Hamlet and civil parish in Nottinghamshire, England

Thorpe is a hamlet in the Newark and Sherwood district of Nottinghamshire, England. It lies to the east of East Stoke and 1 mile from the A46 Fosse Way. It is situated in the countryside southwest of Newark. The population was 69 at the 2021 census.

As of 2025, the civil parish is served by East Stoke with Thorpe Parish Council.

==History==
"Thorpe-by-Newark is a village and parish, 3 mi south-west of Newark, with a population of 108 inhabitants and 697 acre of land of the rateable value of £1,419. About 180 acre of common land was enclosed 40 years ago, and exonerated from tithes, but all the rest still remains titheable. Sir Robert Howe Bromley, Bart., is principal owner, and lord of the manor...W.R. Brockton Esq. is a small owner, and Mr John Tomlin is a resident owner, with a few other small owners."
The Roman fort known as AD PONTEM is located east of the FOSSE WAY Roman road north east of the village.

The parish comprises just over 698 acre. "The church exhibits portions in the several styles of English architecture; the tower was formerly surmounted with a steeple. A fine tessellated pavement, some coins, and other Roman relics, have been discovered. On a small mound in a field adjoining the turnpike-road Henry VII is said to have erected his standard, on 6 June 1487, the day upon which he fought the battle of Stoke Field with the Earl of Lincoln."

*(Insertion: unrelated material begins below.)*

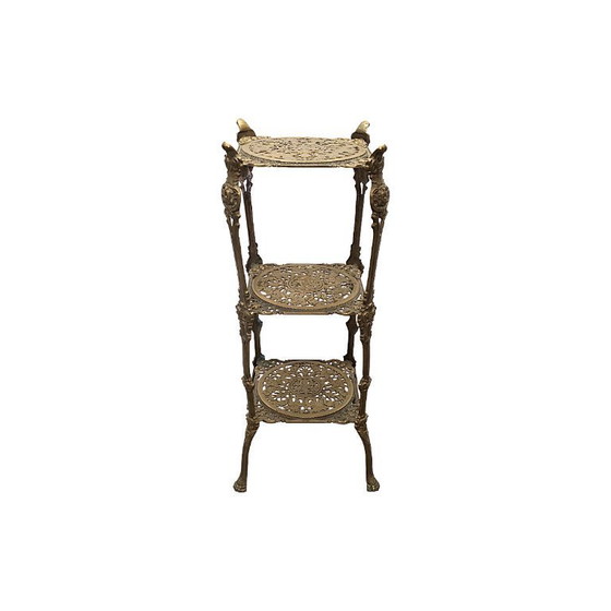French Art Nouveau-style brass plant stand from the 1960s/70s. This beautiful and decorative three-tiered plant stand is perfect for displaying various plants or other decorative objects. It is made of brass and has undergone periodic restorations, but is otherwise in good condition.

Judge Molyneux "settled at Thorpe, 2 mi away, where he would have a dwelling suitable to his position, and was succeeded there by his son, grandson, and great-grandson, the latter of whom, Sir John Molyneux, sold the manor to John Halsey and others." Sir John Molyneux, (1623–1691), was once a Sheriff of Nottingham.

=== Population ===
The population of Thorpe in 1801 was 44, in 1851 115, and in 1901 66.

==Religious sites==

The abolitionist Lucy Townsend lived here at the rectory from 1836.